- Record profitability, with higher EBIT1, return on sales (ROS)2 and return on investment (ROI)3
- Revenue up across all Business Areas and 7% overall, mainly due to higher volumes and acquisitions
- Volumes up 4% driven by Decorative Paints and Specialty Chemicals
- EBIT up in all Business Areas and13% overall, at €376 million (2016: €334 million), reflecting the positive effects of volume growth, continuous improvement and cost discipline
- Full-year EBIT expected to be around €100 million higher than 2016, excluding any substantial changes in market conditions
- Profitability improved, with ROSat 10.3% (2016: 9.7%) and ROI at 15.2% (2016: 14.5%)
- Adjusted earnings per share up 8% at €1.05 (2016: €0.97)
- Net cash outflow from operating activities improved to €287 million (2016: €336 million)
- €150 million share repurchase program underway: €144 million completed up to March 31, 2017
- A strategy update including further details of the proposed separation of Specialty Chemicals will follow today at 08.00 CET
Outlook: AkzoNobel continues to anticipate positive developments for EMEA, North America and Asia, improving during the year, while Latin America is expected to stabilize. Market trends experienced in the second part of 2016, including for the marine and oil and gas industries, are expected to continue during the first half of 2017.

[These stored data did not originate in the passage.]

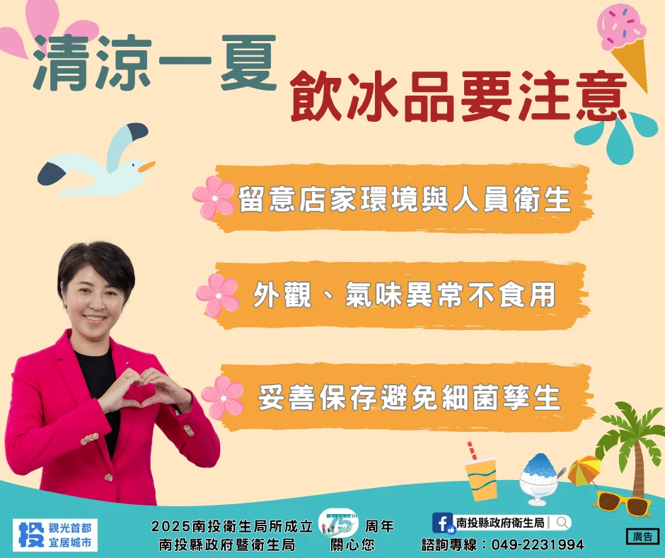 消費者在選購飲品或冰品時,應觀察店家環境與人員衛生,注意產品外觀與氣味,如發現異常應立即停止飲用,並妥善保存避免細菌孳生,以免影響健康。衛生局將持續不定期稽查與監督,確保飲品冰品的衛生安全,讓民眾在炎夏也能喝得涼快、喝得安心。民眾如有食品衛生安全問題及消費疑義,可電洽南投縣政府衛生局服務專線049-2231994。
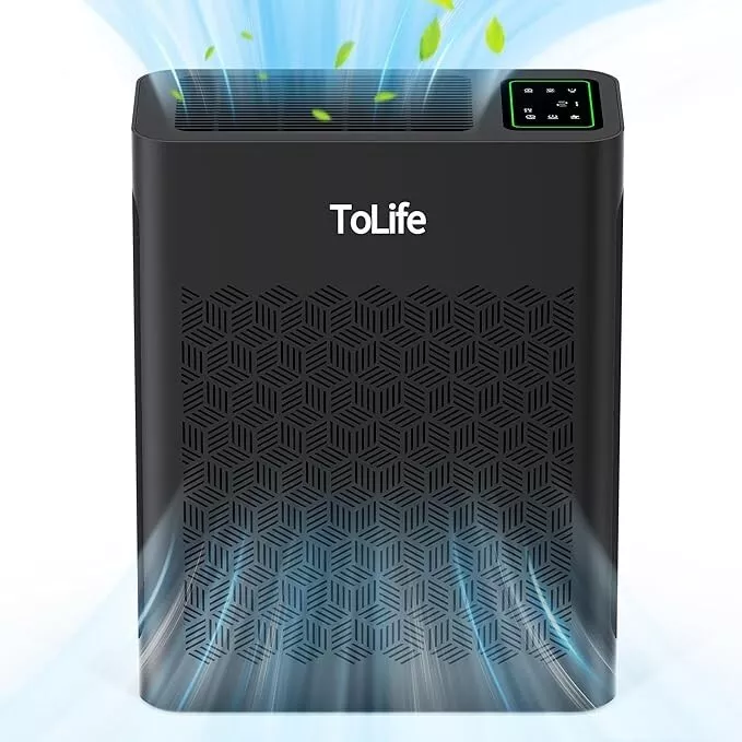 Air Purifiers for Home Large Room Up to 1295 Ft² with PM 2.5 Display Air Quality Sensor, Auto Mode, Timer, HEPA Air Purifier for Bedroom Filters Smoke, Pollen, Pet Dander, Allergies, White About this item The air purifier comes with a filter EFFICIENT H13 PURIFICATION: The air purifier has a powerful filtration system that can remove particles as small as 0.3 microns, including dust and pollen. It can cover up to 1295 sq ft / 120.3 m² and refresh the air in a room every hour SMART AIR PURIFIER: This air purifier has a real-time air quality indicator that shifts from green to yellow or red, automatically adjusting the fan speed. Green means good air quality (low speed), yellow indicates moderate (medium speed), and red signals poor air quality (high speed) ULTIMATE SLEEPING EXPERIENCE: You can choose a low fan speed or the automatic mode according to your preference while sleeping. The lights can be turned off, and the machine runs quietly, ensuring that your beautiful dreams are not disturbed TIMER FUNCTION AND CYCLE TIMER FUNCTION: This product features timer settings for 2, 4, 6, and 8 hours. A long press on the timer button activates a recurring timer, enabling the air purifier to start daily at the same time and turn off after the set duration This Tolife Fresh Air Living HEPA Air Purifier is designed for large rooms up to 1295 square feet. It features True HEPA and Pre-Filter filtration technology to capture allergens, dust, and pollen. The Plug-In unit in gray ABS material operates quietly and is suitable for whole room use in various spaces like bedrooms and living rooms. It effectively removes smoke, mold, odors, and other contaminants for cleaner indoor air. On Jan 13, 2025 at 00:55:45 PST, seller added the following information:
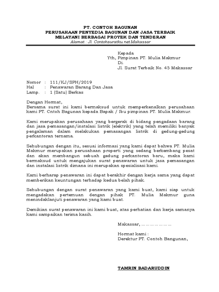 Keberhasilan suatu penawaran tentunya dilandasi oleh surat penawaran tersebut. ( pedoman standar minimal inkindo tahun 2020 halaman 20 sebagai berikut untuk pemberi jasa konsultansi perorangan, biaya langsung personilnya diperhitungkan 55%. Berikut ini salah satu contoh surat penawaran jasa. Contoh surat penawaran untuk berbagai keperluan. Dari beberapa contoh surat penawaran jasa di bawah ini, dapat disimpulkan bahwa surat penawaran produk barang dan jasa sebenarnya contoh surat penawaran produk makanan juga bisa dilihat contoh penawaran jasa catering. Anda bisa mengirimkan surat penawaran kepada suatu instansi atau perorangan sebagai salah satu usaha promosi. Surat penawaran harga adalah surat bisnis resmi yang ditujukan untuk perusahaan, instansi ataupun perorangan. Lingkup pekerjaan penyedia yang ditunjuk berkewajiban untuk menyelesaikan. Dengan surat penawaran ini, kedua pihak dari perusahaan atau perorangan akan menyepakati apa yang telah tercantum dalam surat penawaran tersebut. Hal ini memperlihatkan bahwa sebuah perusahaan atau seseorang itu mampu atau bisa membuat sesuatu yang tidak. 18 contoh surat perjanjian sewa kerja jual beli hutang. Bagi yang masih awam dengan bentuk surat penawaran maka hal ini bisa sangat membantu sekali. Surat penawaran jasa ini digunakan jika bisnis anda bergerak dibidang penyedia jasa.
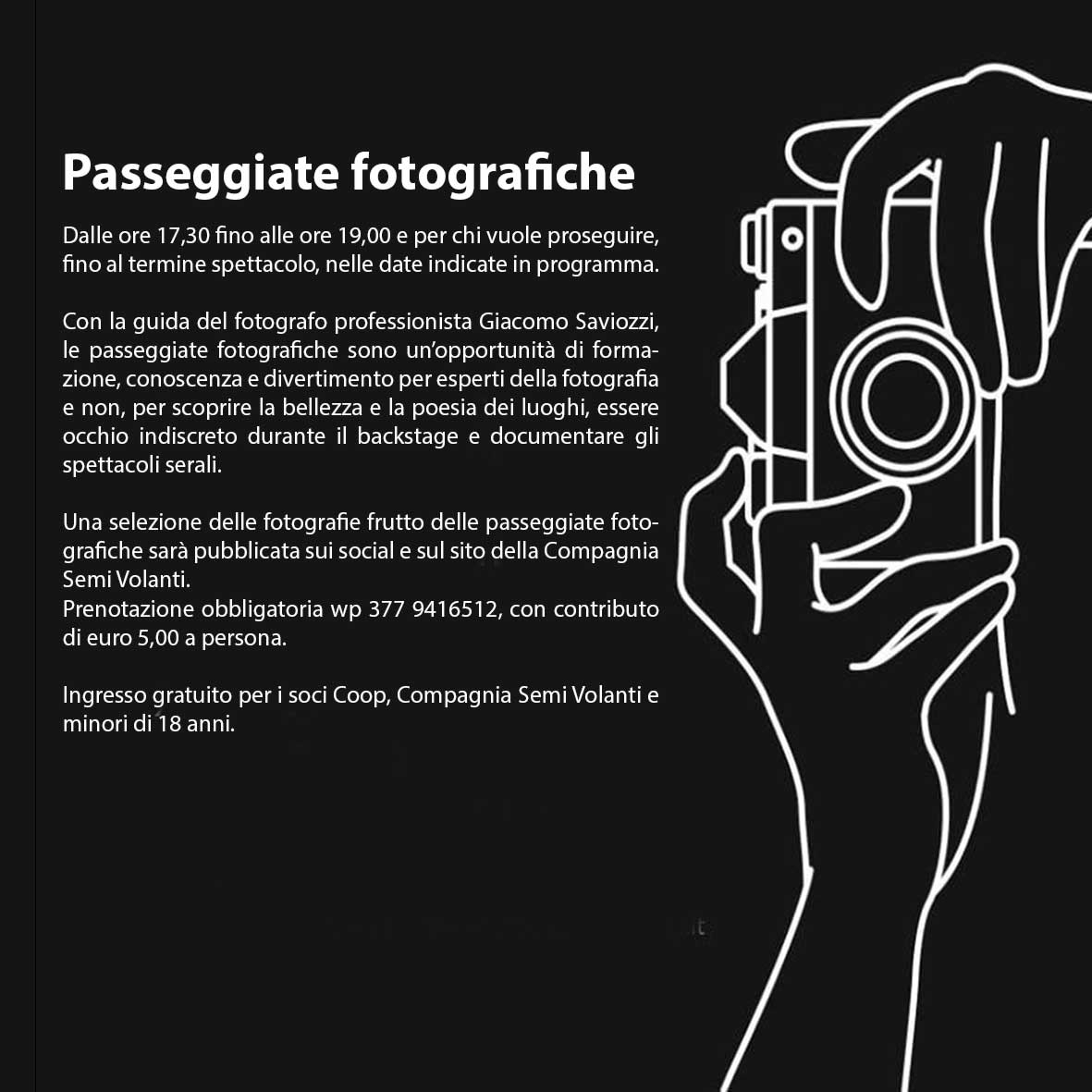 La Compagnia Semi Volanti ricorda che gli spettacoli sono a ingresso gratuito e le attività e apericena sono tutte su prenotazione: info www.compagniasemivolanti.it

The company has structurally improved its ability to respond to developments in its markets and continues taking appropriate measures to deal with higher raw material prices in an inflationary environment. EBIT for 2017 is expected to be around €100 million higher than 2016, as a result of growth momentum and continuous improvement, assuming no material change in market and economic dynamics.